━━━━━ Task input ━━━━━
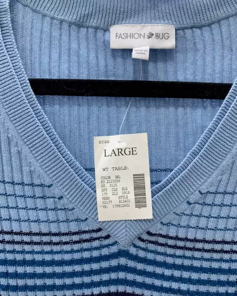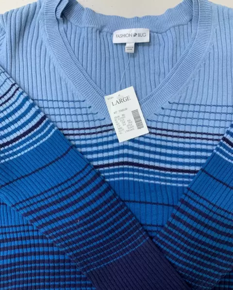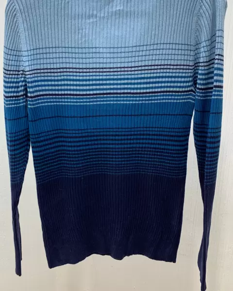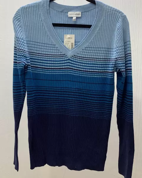 Suéter ligero con cuello V. Suéter ligero con cuello V, diseño con rayas y diferentes tonos de azul
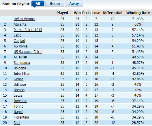 Nếu xét trên phương diện chỉ số châu Á, từ đầu mùa Atalanta có tỷ lệ thắng kèo cao hơn AC Milan. Trong 35 vòng đã qua, Atalanta thắng tỷ lệ 21 trận, đạt 60% còn AC Milan vượt rào cản handicap 17 trận, tương đương với tỷ lệ 48,57%. Trên sân nhà, AC Milan chơi không tốt khi chỉ có tỷ lệ thắng kèo là 35,29% trong khi Atalanta thắng tỷ lệ 70,59% số trận sân khách mùa này.
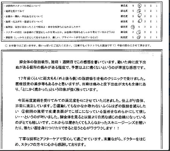 ?前回の施術で皮膚表面が凸凹になっている箇所を滑らかにしてほしい…というのが叶いました。脚全体を見ると以前より自然な感じの曲線になっているのがとても嬉しいです。
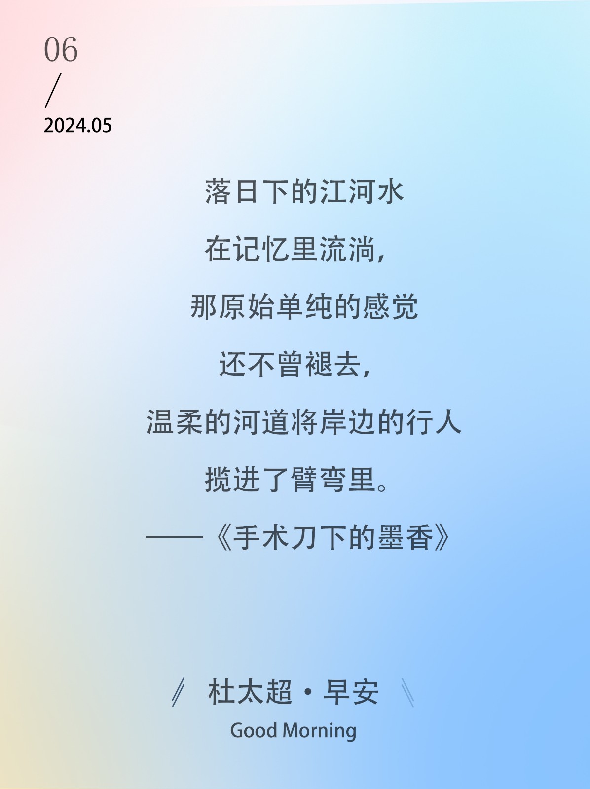 落日下的江河水在记忆里流淌,那原始单纯的感觉还不曾褪去,温柔的河道将岸边的行人揽进了臂弯里。——《手术刀下的墨香》
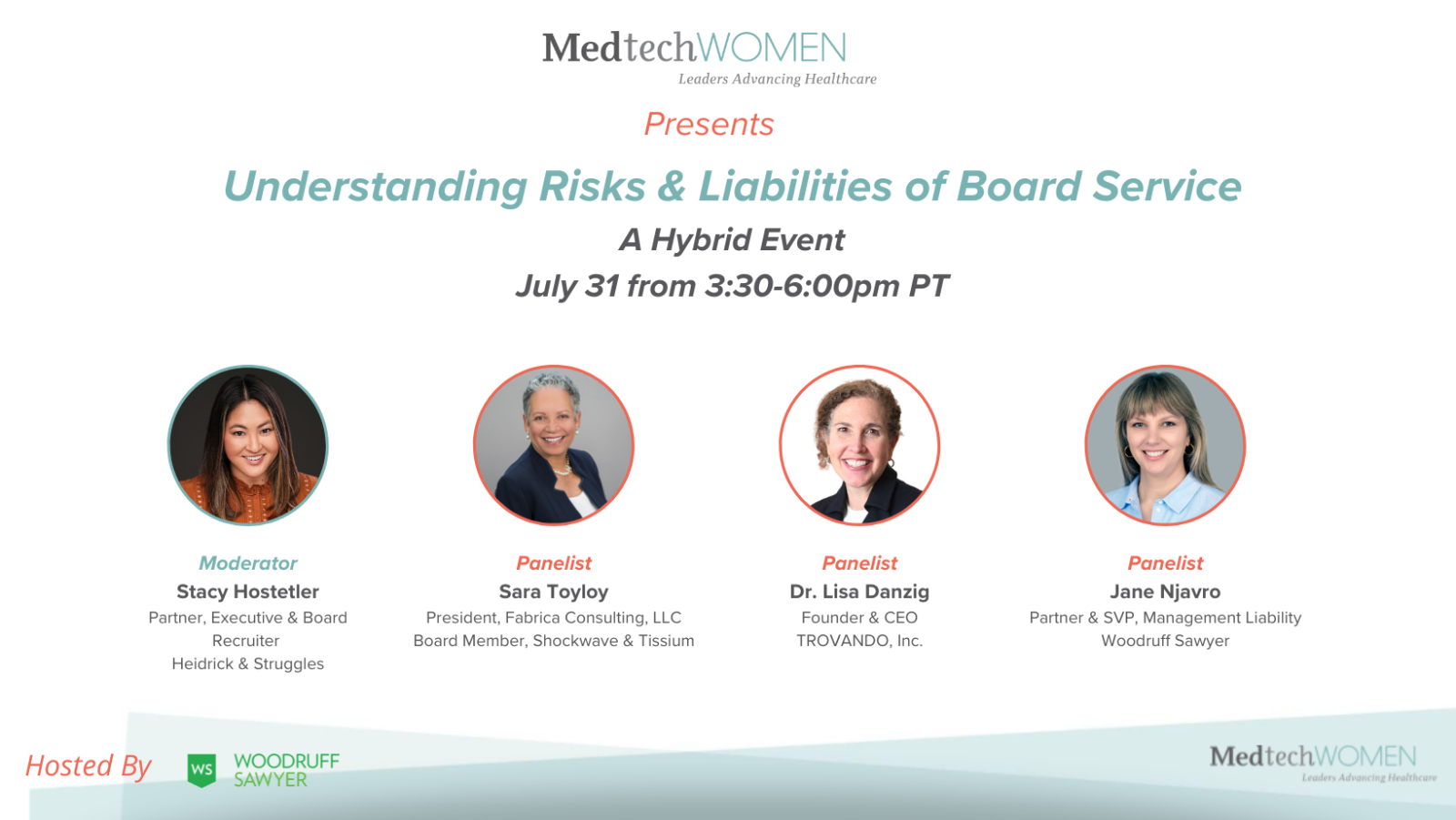 Join us in person or virtually for “Understanding Risks and Liabilities of Board Service” curated by MedtechWOMEN’s Board Development Committee and hosted by Woodruff Sawyer at their office in San Francisco.
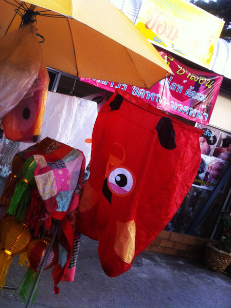そしてまた、ヘンだけど奇妙に可愛い(まるで熊本県PRマスコットキャラクターのくまもんみたいな)「顔模様」のコムファイが屋台にたくさん吊され並んでいたりします。こうした色モノ系キャラクタたちも、普通の伝統的コムファイやコムローイと同じように、希望や夢を積んで空に飛ばされていくのです。
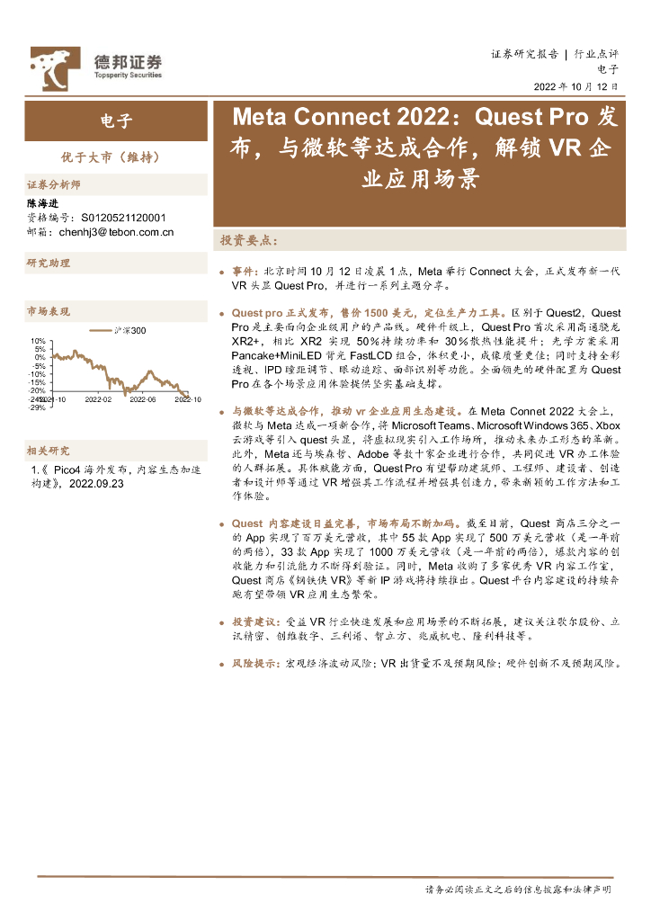 德邦证券:电子:Meta Connect2022:Quest Pro发布,与微软等达成合作,解锁VR企业应用场景.pdf
━━━━━
◆ **Goal of the exercise**:
Each entry above is to be written out exactly. The pictures stay out.

◆ **Response area**:
 Suéter ligero con cuello V. Suéter ligero con cuello V, diseño con rayas y diferentes tonos de azul
 Nếu xét trên phương diện chỉ số châu Á, từ đầu mùa Atalanta có tỷ lệ thắng kèo cao hơn AC Milan. Trong 35 vòng đã qua, Atalanta thắng tỷ lệ 21 trận, đạt 60% còn AC Milan vượt rào cản handicap 17 trận, tương đương với tỷ lệ 48,57%. Trên sân nhà, AC Milan chơi không tốt khi chỉ có tỷ lệ thắng kèo là 35,29% trong khi Atalanta thắng tỷ lệ 70,59% số trận sân khách mùa này.
 ?前回の施術で皮膚表面が凸凹になっている箇所を滑らかにしてほしい…というのが叶いました。脚全体を見ると以前より自然な感じの曲線になっているのがとても嬉しいです。
 落日下的江河水在记忆里流淌,那原始单纯的感觉还不曾褪去,温柔的河道将岸边的行人揽进了臂弯里。——《手术刀下的墨香》
 Join us in person or virtually for “Understanding Risks and Liabilities of Board Service” curated by MedtechWOMEN’s Board Development Committee and hosted by Woodruff Sawyer at their office in San Francisco.
そしてまた、ヘンだけど奇妙に可愛い(まるで熊本県PRマスコットキャラクターのくまもんみたいな)「顔模様」のコムファイが屋台にたくさん吊され並んでいたりします。こうした色モノ系キャラクタたちも、普通の伝統的コムファイやコムローイと同じように、希望や夢を積んで空に飛ばされていくのです。
 德邦证券:电子:Meta Connect2022:Quest Pro发布,与微软等达成合作,解锁VR企业应用场景.pdf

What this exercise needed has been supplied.